Pictures in the material below are to be left out, and only the lines from the line with "Salchicha jumbo, mix" up to and including the line with "毫无疑问,小刺客打出了一场传奇式表演。美媒Ball Dont Stop发推:小托马斯回来了,他仍旧属于NBA。" are to be written out exactly.

Available records
━━━━━━

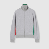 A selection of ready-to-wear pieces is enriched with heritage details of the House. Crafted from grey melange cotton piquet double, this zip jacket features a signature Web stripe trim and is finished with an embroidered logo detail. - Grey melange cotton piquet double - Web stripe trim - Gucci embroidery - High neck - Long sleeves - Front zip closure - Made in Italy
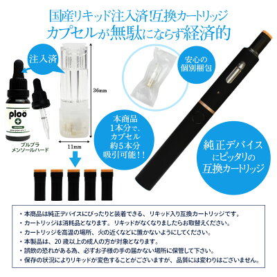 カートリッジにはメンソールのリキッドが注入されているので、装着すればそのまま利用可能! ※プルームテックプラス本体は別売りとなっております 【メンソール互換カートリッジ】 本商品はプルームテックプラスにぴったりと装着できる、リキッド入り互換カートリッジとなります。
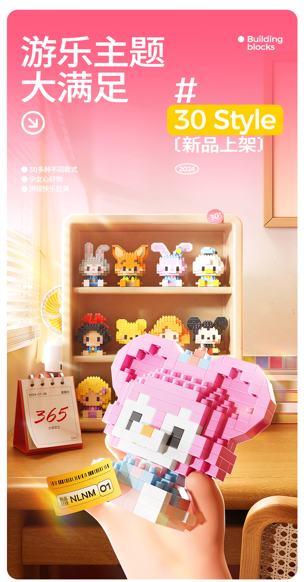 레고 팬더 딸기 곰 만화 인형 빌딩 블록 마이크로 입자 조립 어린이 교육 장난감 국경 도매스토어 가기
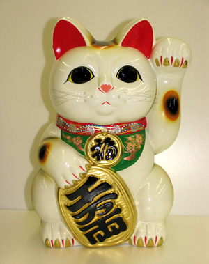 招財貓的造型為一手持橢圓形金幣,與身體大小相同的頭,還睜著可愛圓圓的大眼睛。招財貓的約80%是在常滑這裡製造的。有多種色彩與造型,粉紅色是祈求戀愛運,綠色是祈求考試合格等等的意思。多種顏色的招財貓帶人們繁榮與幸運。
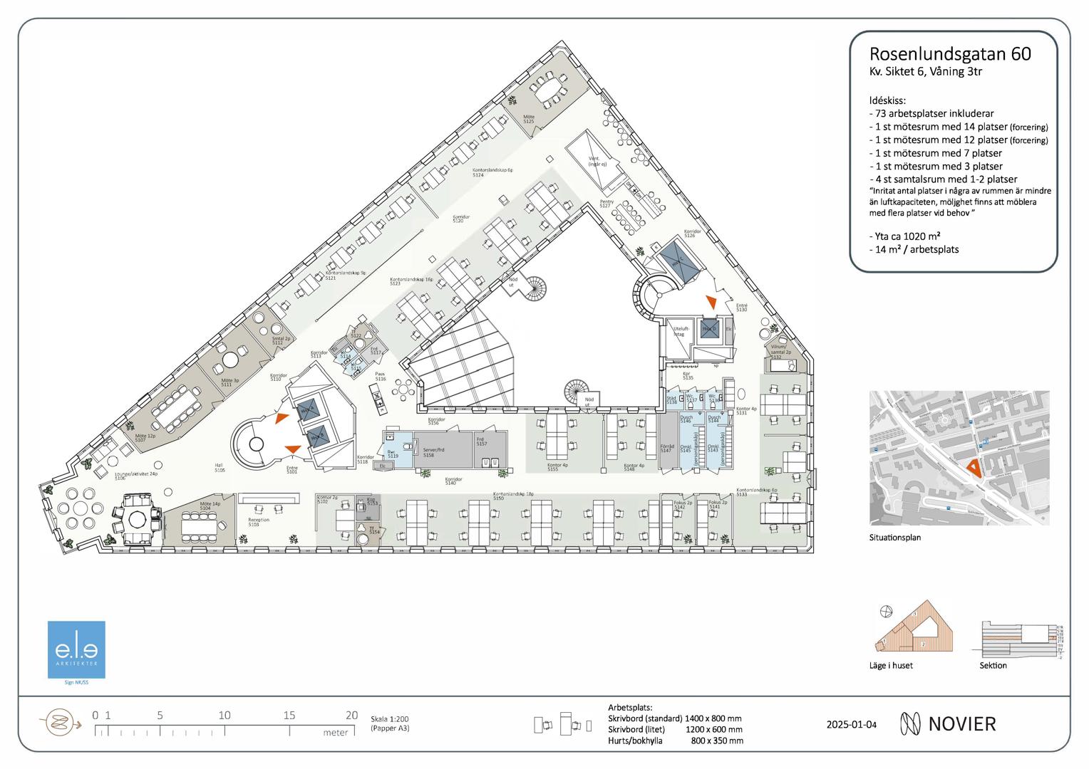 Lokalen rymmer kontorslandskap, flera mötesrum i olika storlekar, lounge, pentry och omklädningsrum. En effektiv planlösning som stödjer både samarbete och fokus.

━━━━━━

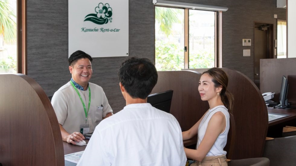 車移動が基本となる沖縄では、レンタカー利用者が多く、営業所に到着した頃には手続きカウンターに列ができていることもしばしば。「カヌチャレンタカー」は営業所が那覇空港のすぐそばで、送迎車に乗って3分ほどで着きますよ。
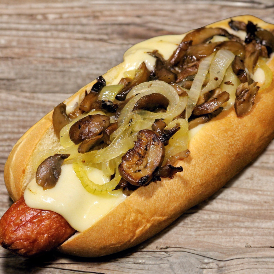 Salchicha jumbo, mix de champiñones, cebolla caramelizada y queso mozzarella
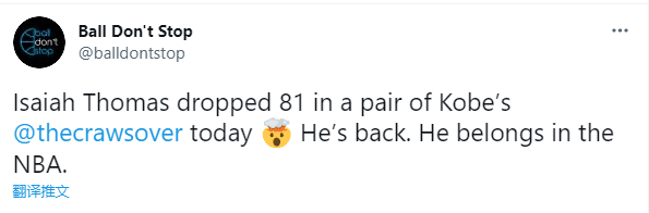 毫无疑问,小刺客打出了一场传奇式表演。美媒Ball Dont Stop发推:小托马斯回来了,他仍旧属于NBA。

━━━━━━

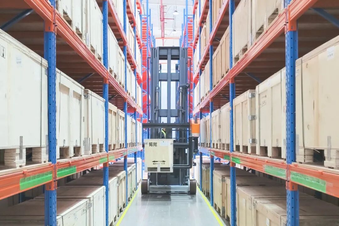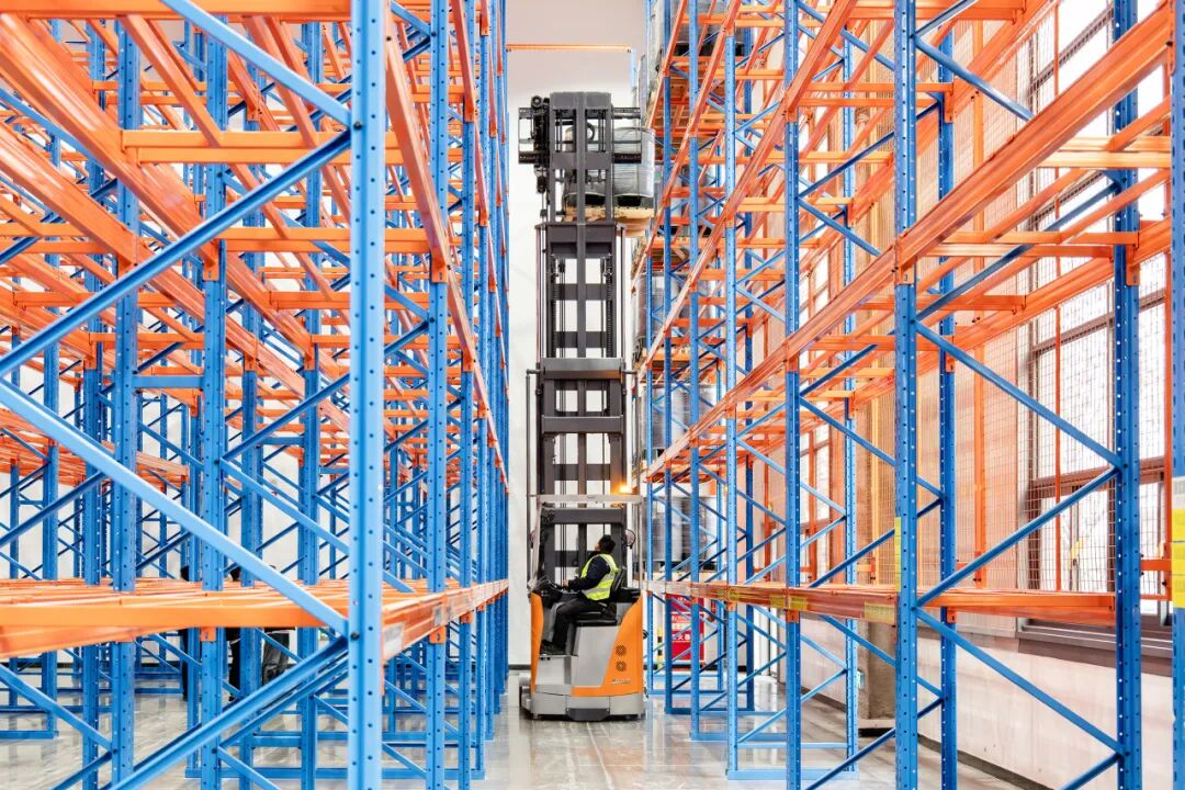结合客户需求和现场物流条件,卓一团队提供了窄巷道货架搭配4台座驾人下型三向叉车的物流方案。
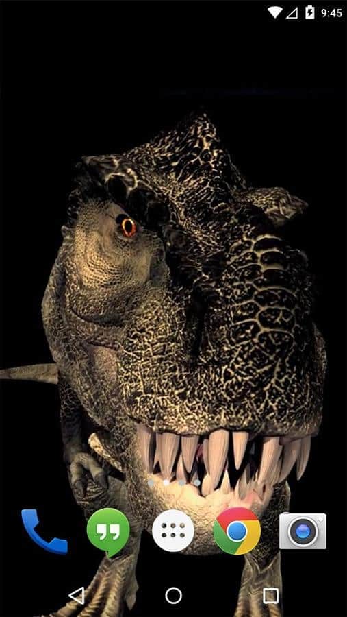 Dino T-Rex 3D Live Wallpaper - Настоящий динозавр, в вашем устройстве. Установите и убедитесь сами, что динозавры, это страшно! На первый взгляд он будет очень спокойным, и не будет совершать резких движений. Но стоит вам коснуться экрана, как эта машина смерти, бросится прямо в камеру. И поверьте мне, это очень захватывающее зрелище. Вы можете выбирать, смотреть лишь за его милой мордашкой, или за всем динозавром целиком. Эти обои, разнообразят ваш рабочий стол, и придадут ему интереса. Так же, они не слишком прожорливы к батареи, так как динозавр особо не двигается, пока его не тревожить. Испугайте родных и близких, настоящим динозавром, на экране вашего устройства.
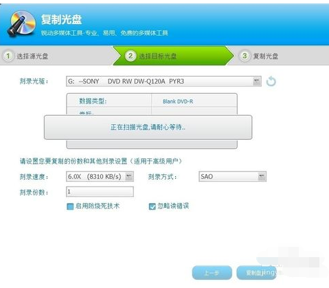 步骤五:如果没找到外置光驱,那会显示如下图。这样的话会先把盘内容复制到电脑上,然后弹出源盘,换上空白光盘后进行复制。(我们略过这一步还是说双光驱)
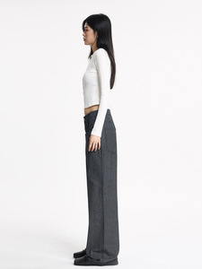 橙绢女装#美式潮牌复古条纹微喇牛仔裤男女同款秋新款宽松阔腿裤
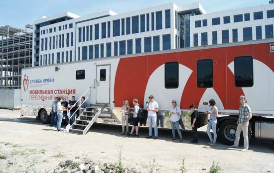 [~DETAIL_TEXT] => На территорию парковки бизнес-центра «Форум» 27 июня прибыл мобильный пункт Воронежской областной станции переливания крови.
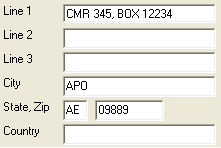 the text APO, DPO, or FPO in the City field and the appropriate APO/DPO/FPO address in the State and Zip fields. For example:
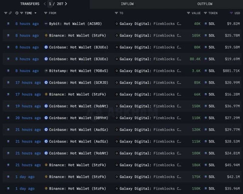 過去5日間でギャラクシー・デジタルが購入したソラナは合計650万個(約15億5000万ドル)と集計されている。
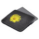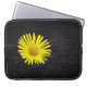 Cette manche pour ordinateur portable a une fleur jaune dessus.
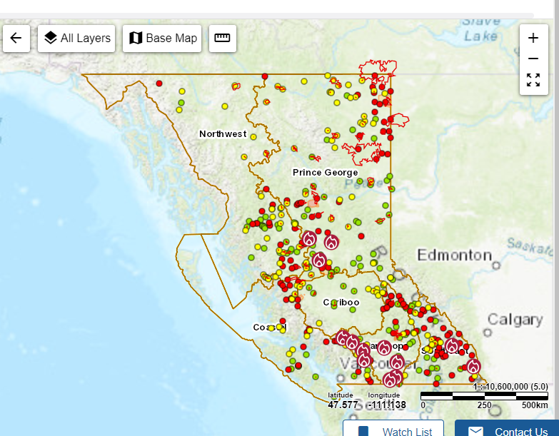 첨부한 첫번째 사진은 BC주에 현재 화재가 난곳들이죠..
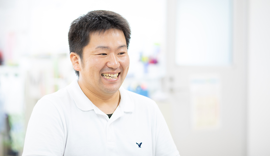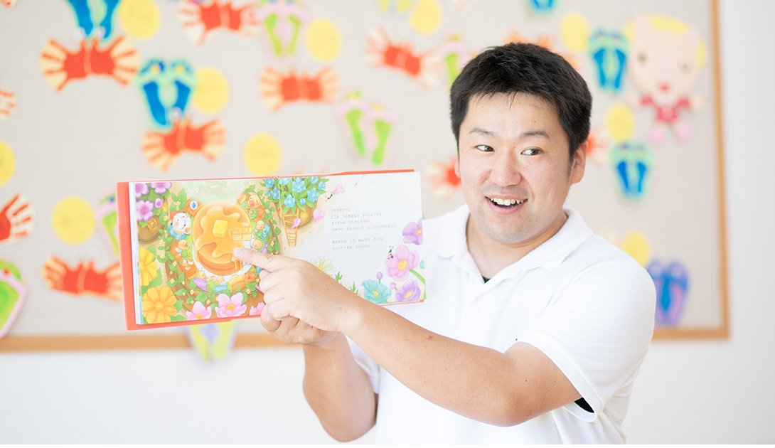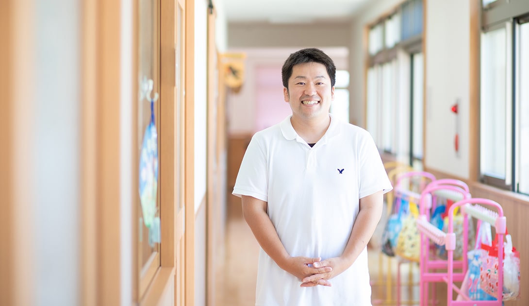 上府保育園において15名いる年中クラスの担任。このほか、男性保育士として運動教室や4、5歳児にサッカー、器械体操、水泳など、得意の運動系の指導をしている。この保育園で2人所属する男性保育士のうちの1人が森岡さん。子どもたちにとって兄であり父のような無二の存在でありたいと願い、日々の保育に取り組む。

━━━━━━

Solved exercise
 Salchicha jumbo, mix de champiñones, cebolla caramelizada y queso mozzarella
 毫无疑问,小刺客打出了一场传奇式表演。美媒Ball Dont Stop发推:小托马斯回来了,他仍旧属于NBA。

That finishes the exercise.